I can’t sleep. My body is getting used to some new medication, my mind jutting, synapses twitching and flailing in the dead of night. Imagine Paul Adams being tasered while bowling. England are in Sri Lanka. Conveniently for my new body clock, the games start long before dawn and I’ve started to live-blog the cricket. I watch every ball and jot down some scrawl from my sleepless state on the sofa. Something about this self-imposed task of endurance and concentration gives me a sense of calm. An equilibrium. “Every ball” – “Just staying in the moment” – “Grinding it out”. Phrases I’ve heard players use when describing how to bat for long periods to rescue a game.

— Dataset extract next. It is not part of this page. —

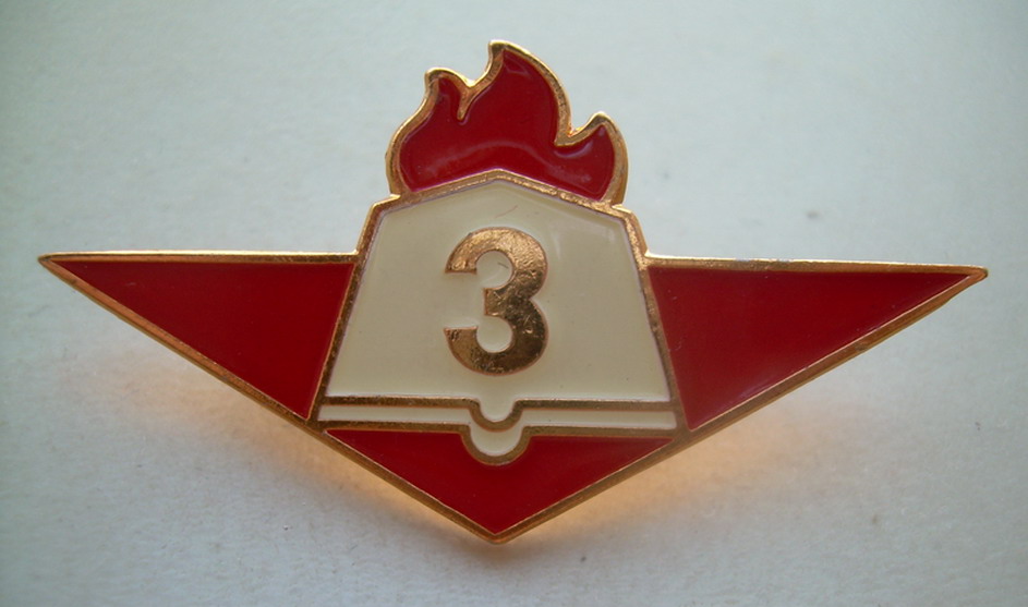 В чешском варианте данный знак именуется: "oznaceni kvalifikace pionyrskych pracovniku", мой вариант перевода: квалификация пионерских работников. Таковых три ступени. Самый "прикольный" - четвертый: с книжкой без номера, называется - инструктор. Кстати, готов приобрести такой, если кто предложит :)

In my head I am emulating Atherton, my hero. This is my Jo’burg ’98, my own rear-guard innings. Trying to save myself, from myself. On a sofa-bed in south-west London. I’m blocking, keeping out the grey and terrifying fog of the real world. Focusing on something I know about and can rely upon. Ball after ball, minute after minute. Daylight dapples through the window of the living-room.

January 2019

My girlfriend and I are taking a sabbatical. At least, that is what we’ve told people. In truth, I’m unemployable, still buckling with each tiny demand of everyday life. I’m feeling a particular kind of guilt about using the hard-earned money of dead elderly relatives to facilitate jacking in my job and running away. But it was worth it. I hope they’d understand. I still take medication, still get anxious and low and feel like shutting myself away from the world at times. But I have hope. I live, I love, and I try to enjoy the here and now. I can also look forward and not be too afraid.

July 2019

We are due to return soon. England have reached the World Cup final. Over the last few weeks I’ve become distracted by the call of leather on willow from back home. The scenery might be breath-taking, the food delicious, but it’s nothing compared to the boys in pale blue spluttering their way to the final at Lord’s. We listen to it on TMS in a studio flat on the Aeolian Islands, off the coast of Sicily. The humidity isn’t helping. I’m pacing up and down in my boxer shorts using a curtain tie as a makeshift bat, shadow-playing every delivery. I demand that my girlfriend sit on the same cushion for two hours as Stokes and Buttler rebuild the innings and the game hurtles towards its denouement.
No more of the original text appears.